The Japanese Imperial Army that had landed in Lingayen and Mauban were massing in from opposite sides toward Manila. General Douglas MacArthur had by then moved the Commonwealth Government under Manuel Luis Quezon to Corregidor, the island fortress by the mouth of Manila Bay and ordered the move to form a main defense line in Bataan. 

Historical records note the following facts: “About 1,000 men from the 24th Pursuit Group and 19th Bombardment Group fought alongside U.S. Army soldiers, sailors, marines, and Filipino soldiers and police, to drive the Japanese out … After three weeks of bitter fighting, the Japanese positions were completely eliminated. This vigorous defense helped Bataan hold out for two more months, which brought more time to prepare Allied defenses elsewhere.”

“But all we had were Springfield bolt action rifles from WWI, some water-cooled machine guns and very few cannons,” de la Rea continues. He weaves in and out of his retelling by offering his visitors snacks his wife had prepared—aromatic brewed coffee and a slice of lemon cake. 

He moves on to the next moment of remembering that without anti-tank weapons or artillery, they were helpless to stop the Japanese in close pursuit. They fell back to establish another defensive line. Eventually, the American surrender of Bataan ended “their courageous but futile efforts.”

Maj. Gen. Edward King, Jr., commander of Bataan, told his troops, “You men remember this. You did not surrender … you had no alternative but to obey my order.”

Death March  

In the mass the Japanese assembled were about 12,000 Americans and 66,000 Filipinos. The Japanese were obviously unprepared as to how the prisoners would be moved to a camp. Their only choice was to make them walk on their own. Among them were aircraft mechanics and pilots forced to fight as infantrymen.
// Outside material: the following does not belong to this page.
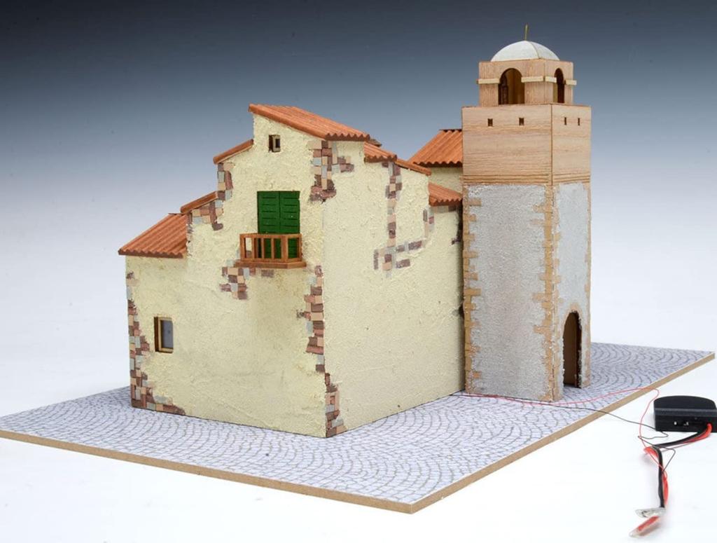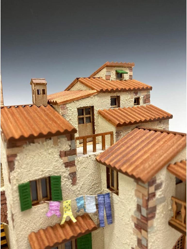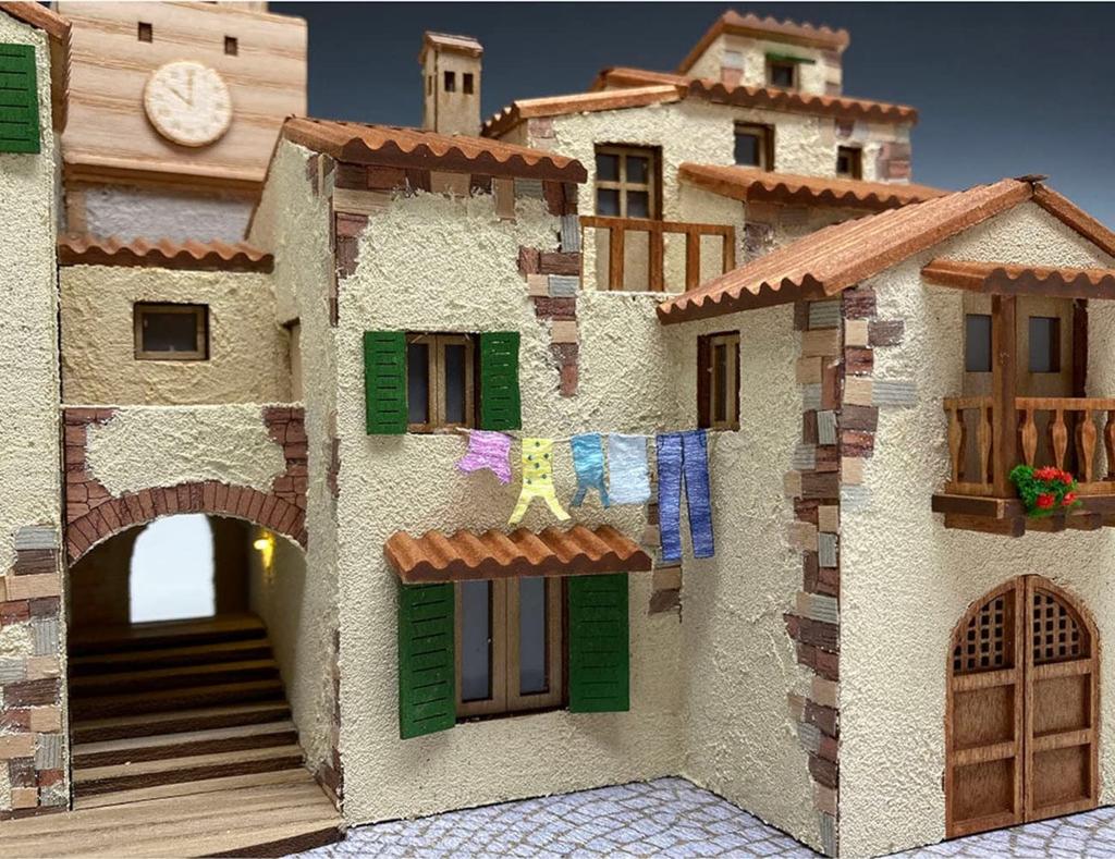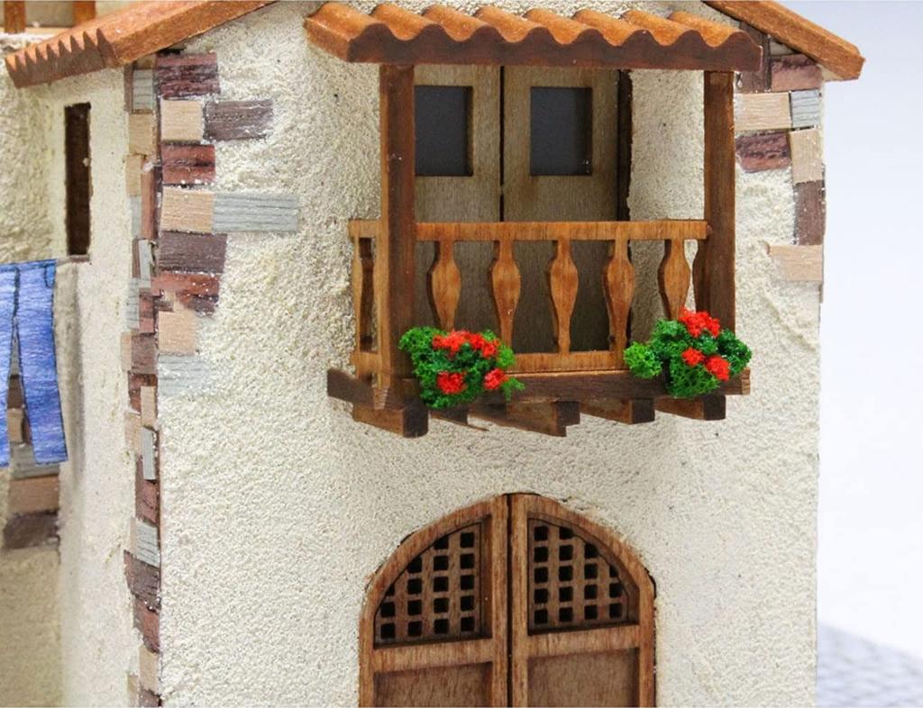Белье, колышущееся на ветру, красные цветы и слабо освещенная лампа (Светодиодный чип в комплекте) в конце каменных ступеней, ведущих к башне, создается сцена, словно сошедшая с экрана.

Colonel de la Rea was then only a year past his 4-year ROTC and 2-month summer cadre training. He had just been commissioned as 3rd lieutenant with the reserve force of the Armed Forces of the Philippines and called to active duty at the outbreak of the war in the Philippines. Three months before that imminent war, Filipinos like him were inducted to the United States Armed Forces in the Far East (USAFFE).

The march began from up the east coast of Bataan. Historical notes say the POWs were unaware their destination was Camp O’Donnell, a distant north from the peninsula. On dirt roads often filled with broken stones, those who were too weak to go on would be beaten or shot. Not a few just collapsed and died. “Their ferocity grew as we marched … they were no longer content with mauling stragglers or pricking them with bayonet points. The thrusts were intended to kill,” wrote Capt. William Dyess, 21st Pursuit Squadron commander.

“We were not allowed to talk while walking,” Col. De la Rea remembers. They simply watched when as another eye witness wrote, “Japanese soldiers on passing trucks would hit some prisoners with rifle butts or savagely toyed some by dragging them behind trucks with a rope around the neck. At times, just to be cruel, the Japanese would take the water canteens from POWs and poured the water. And if some men driven mad with thirst broke through a line on seeing muddy water, he would be bayoneted or shot.”

“A few times while we were on bivouac at night, I would sneak to a swamp, where carabaos soaked, and fill my water canteen. Then using my shirt or hanky as a filter drink the water,” he says. At the small table by the window of his Surrey apartment, he had reached for a glass of water, adding a poignant contrast to the memory.

The prisoners dug pits or trenches along the way: the first to bury the dead, the second to use as toilets. For the trenches to be usable, they laid planks of wood crosswise that is if it had any use for the rest of them who relieved their own selves while walking; stopping for any emergency was not allowed.

After six days, the trudge reached San Fernando, Pampanga where the POWs were loaded on boxcars used for cargo such as coal. These were made of steel and meant to fit in only 40 men if used for human travel at all. The Japanese crammed in them 150 POWs. When they got to Camp O’Donnell in Capas, Tarlac, more have died of dehydration.

Camp O’Donnell and Beyond

“Some 200 died everyday. We were ordered to roll the bodies up with army blankets, carry them on bamboo poles to open fields where we dug a pit for burial,” the colonel recalls, reciting the figures as if in passing. What he remembers most are the giant fleas, which infested their clothes. He recalls how it became a game for them to squash these with their thumbnails. 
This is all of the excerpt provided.